Минутное увлечение сеньора Вальдеса одной из служанок превратилось в страшный секрет, который его семья продолжала тянуть за собой, словно камень. Сколько жизней он сломал и скольких людей сделал несчастными?

Сцены, дни, годы сменяют друг друга, точно кадры фильма, пред взором читателя проносятся пейзажи Испании, Кубы, Аргентины. Но нигде семья Вальдес не может найти себе покоя.

Это история о силе духа, противостоящей предательствам мужчин, пренебрежению и несправедливости. История о том, как женщины встали во главе бизнес-империи, и о том, какое наследие они передали своим детям.

© Sonsoles Ónega, 2023
© Editorial Planeta, S. A., 2023
© Борисова А., перевод на русский язык, 2025
© Издание на русском языке, оформление
ООО «Издательство Азбука», 2025

 

 


Посвящается Яго и Гонсало,
которые всегда меня ждут

 

 


Помни об этом и передай эту память другим.

Луис Сернуда


Мертвые остаются жить
в памяти живых.

Марк Туллий Цицерон


Любви и моря хватит всем.

 

 

 

 

— Говорят, роды прошли в доме семьи Вальдес.

— Кто тебе сказал?

— В порту судачили, а дальше новость разлетелась, словно чайки над морем. И еще кое-что.

— Что такое?

— А то, что раз служанка и хозяйка родили одновременно, тут не обошлось без колдовства.

ЧАСТЬ 1

ПУНТА ДО БИКО,
ФЕВРАЛЬ 1900 ГОДА

 

 

 

Глава 1

Есть истории, скрытые в глубине веков, а между тем их стоило бы рассказать. Семейные предания о тех, кто ушел из жизни и покоится под слоем пепла. Та история, что начала прорастать сквозь стены замка Святого Духа, как раз одна из таких.

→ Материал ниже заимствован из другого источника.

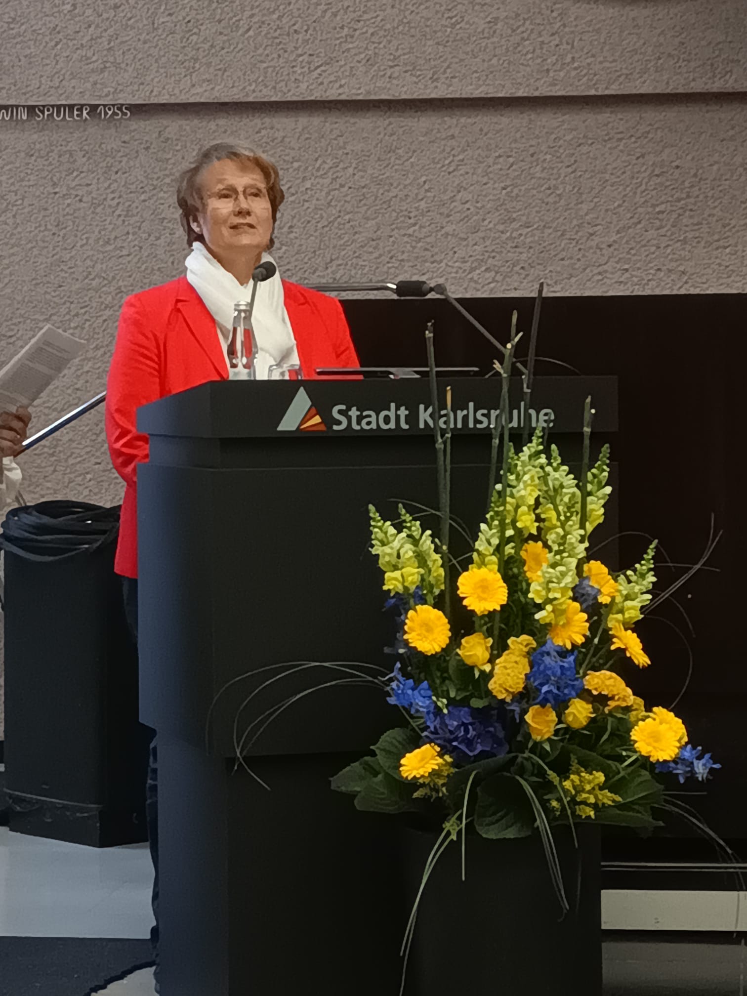 Nach dem Überreichen der Gastgeschenke für die ukrainischen Betreuerinnen und einem Gruppenfoto vor dem Karlsruher Rathaus lud Frau Luczak-Schwarz zu einem kleinen Stehempfang und Austausch ein.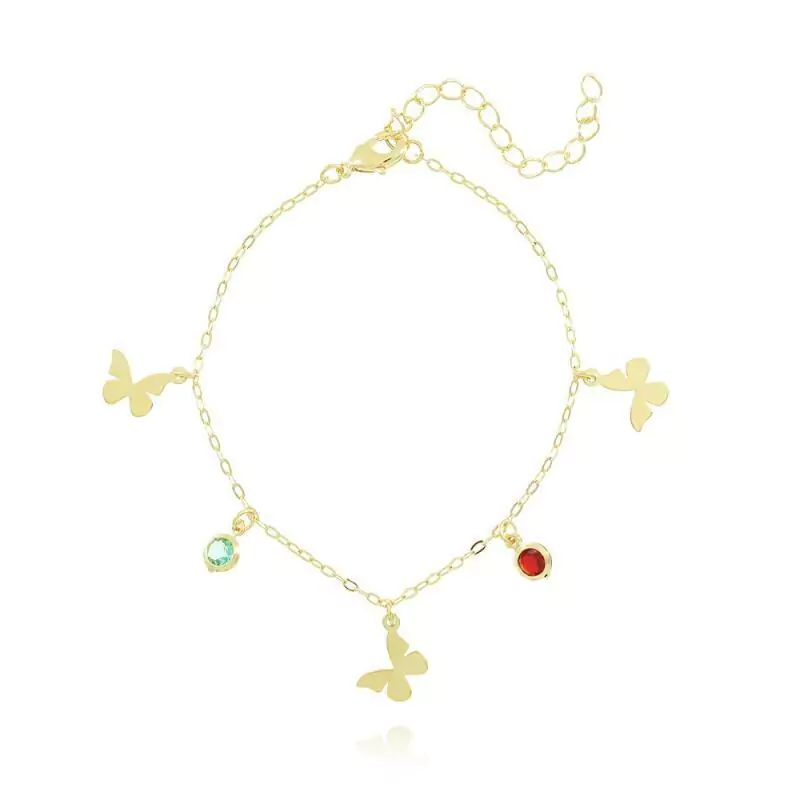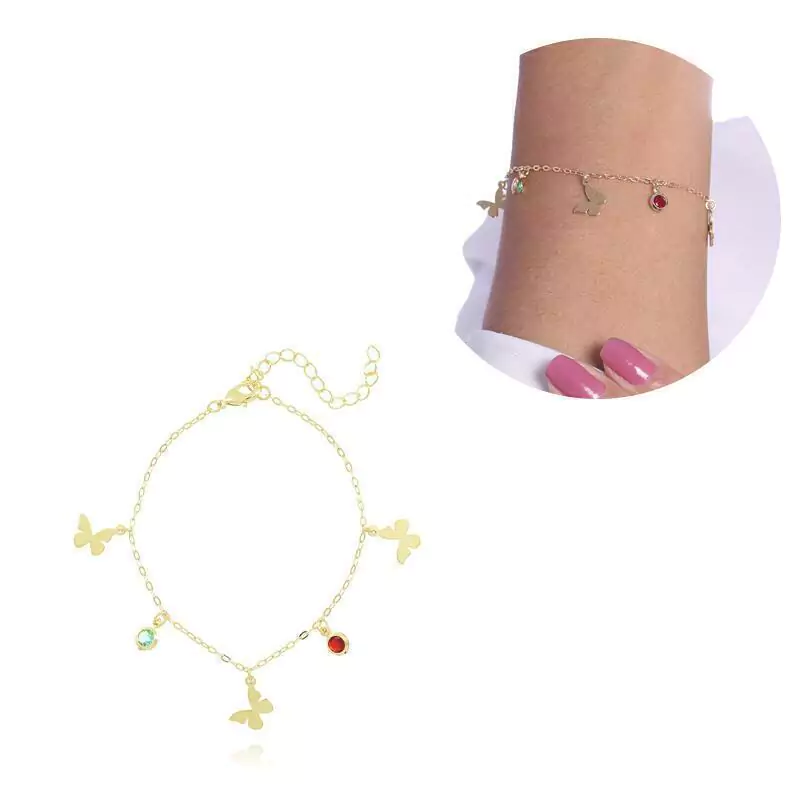PULSEIRA COM PINGENTES DE BORBOLETA COM ZIRCÔNIA COLORIDAS FOLHEADO A OURO 18K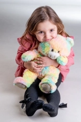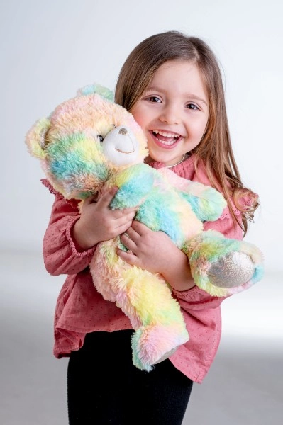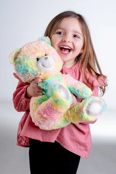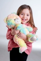 Mīkstā rotaļlieta ar varavīksnes krāsas kažociņu piesaista uzmanību un pārsteidz ne tikai ar izskatu, bet arī ar patīkamu maigumu pieskārienā.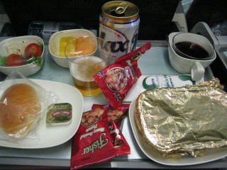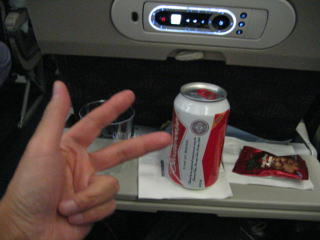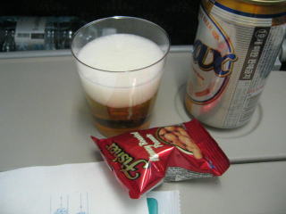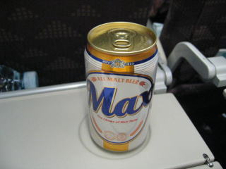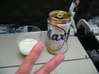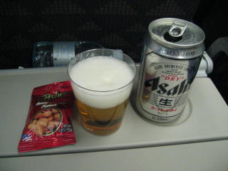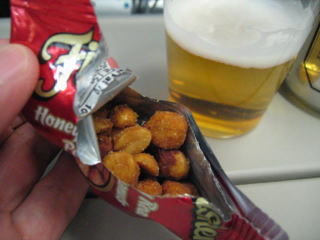 飛行が安定し、ビールとおつまみのナッツをいただきます。

До сих пор так никто и не осмелился ее рассказать.

Хотя она носилась над морем, словно чайка.

 

Сеньор Вальдес и его супруга только что закончили ужинать, когда влажный воздух проник в столовую, и они перешли в каминную залу, где донья Инес почувствовала приближение родов, отчего ее охватил озноб. Последние дни ей было не по себе, но так рано она не ждала. Предполагалось, что в эти дни должна родить Рената, жена Доминго: браки между охранниками и работницами, жившими на земле замка Святого Духа, иногда случались. О том, что именно произошло в последующие несколько часов, мог знать только дон Густаво Вальдес, поскольку был в курсе дела и мог выстраивать обоснованные предположения. На самом деле, никому бы не удалось сказать точно, что произошло той ночью, дождливой, как все февральские ночи в Пунта до Бико, в провинции Понтеведра.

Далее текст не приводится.